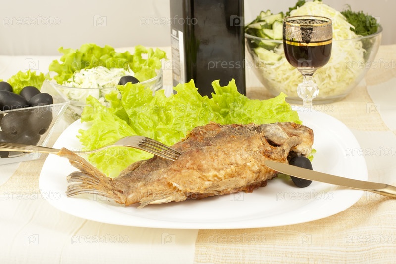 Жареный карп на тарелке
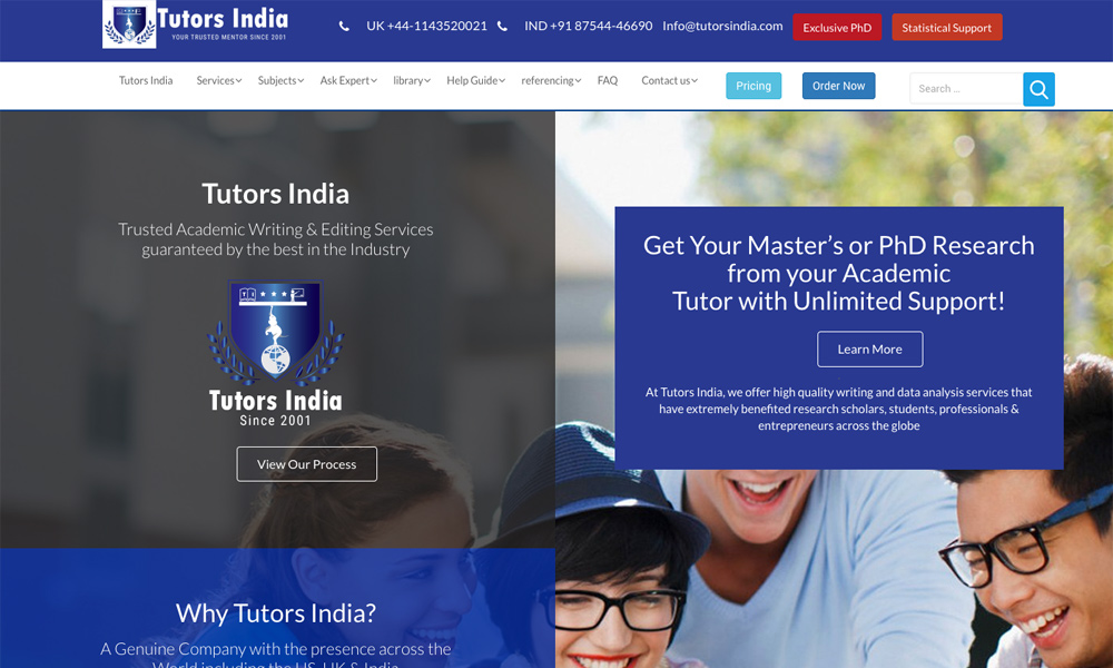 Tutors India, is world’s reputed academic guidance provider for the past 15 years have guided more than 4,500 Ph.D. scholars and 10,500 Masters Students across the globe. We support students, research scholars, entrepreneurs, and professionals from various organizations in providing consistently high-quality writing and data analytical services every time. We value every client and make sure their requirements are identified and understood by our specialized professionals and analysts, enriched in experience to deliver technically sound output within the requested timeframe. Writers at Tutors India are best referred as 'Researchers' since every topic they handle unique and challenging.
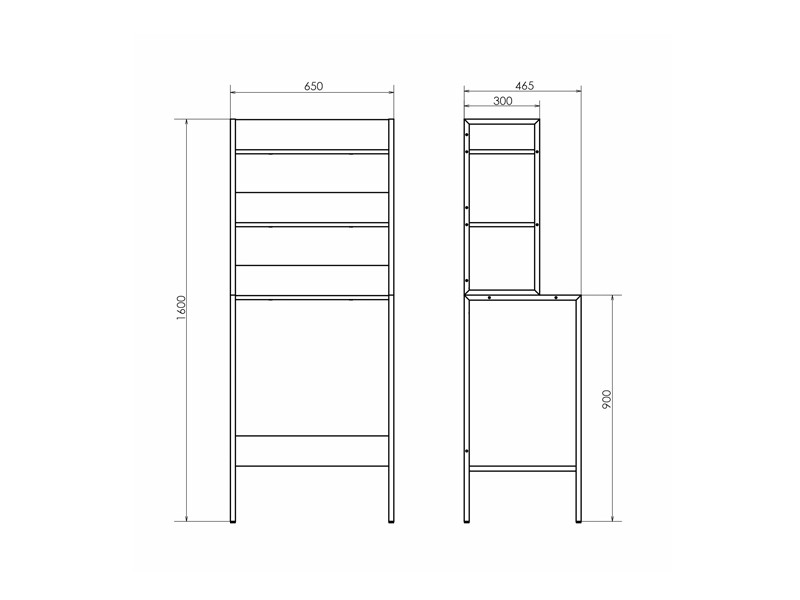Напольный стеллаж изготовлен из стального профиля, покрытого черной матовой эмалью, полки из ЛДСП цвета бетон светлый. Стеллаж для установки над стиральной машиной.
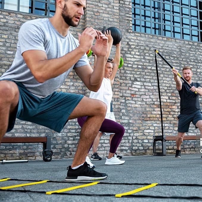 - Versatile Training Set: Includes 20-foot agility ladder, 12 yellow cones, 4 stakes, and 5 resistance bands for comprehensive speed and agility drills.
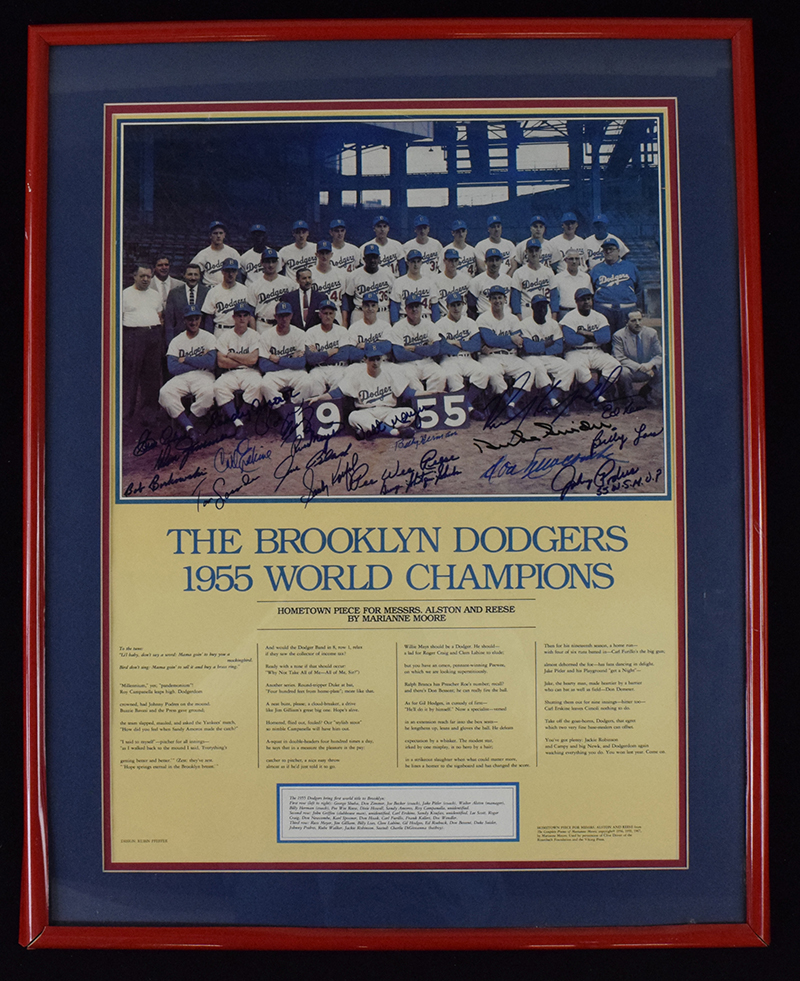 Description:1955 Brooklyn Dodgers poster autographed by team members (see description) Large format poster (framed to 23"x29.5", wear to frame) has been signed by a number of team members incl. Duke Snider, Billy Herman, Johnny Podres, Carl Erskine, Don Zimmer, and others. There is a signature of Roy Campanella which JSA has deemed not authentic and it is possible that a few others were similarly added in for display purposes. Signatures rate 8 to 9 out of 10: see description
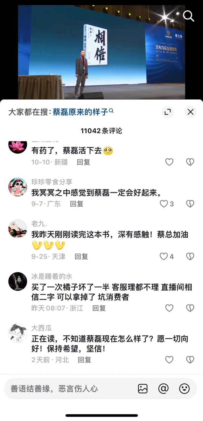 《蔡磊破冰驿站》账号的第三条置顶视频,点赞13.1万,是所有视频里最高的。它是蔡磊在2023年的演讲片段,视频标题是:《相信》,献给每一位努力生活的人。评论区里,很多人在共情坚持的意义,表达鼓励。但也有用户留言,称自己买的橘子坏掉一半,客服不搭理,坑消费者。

※

» **Work to be completed**:
Transcribe the entries above exactly, from their first line through the line with "Напольный стеллаж изготовлен", and omit all pictures.

» **Answer to this task**:
 Жареный карп на тарелке
 Tutors India, is world’s reputed academic guidance provider for the past 15 years have guided more than 4,500 Ph.D. scholars and 10,500 Masters Students across the globe. We support students, research scholars, entrepreneurs, and professionals from various organizations in providing consistently high-quality writing and data analytical services every time. We value every client and make sure their requirements are identified and understood by our specialized professionals and analysts, enriched in experience to deliver technically sound output within the requested timeframe. Writers at Tutors India are best referred as 'Researchers' since every topic they handle unique and challenging.
Напольный стеллаж изготовлен из стального профиля, покрытого черной матовой эмалью, полки из ЛДСП цвета бетон светлый. Стеллаж для установки над стиральной машиной.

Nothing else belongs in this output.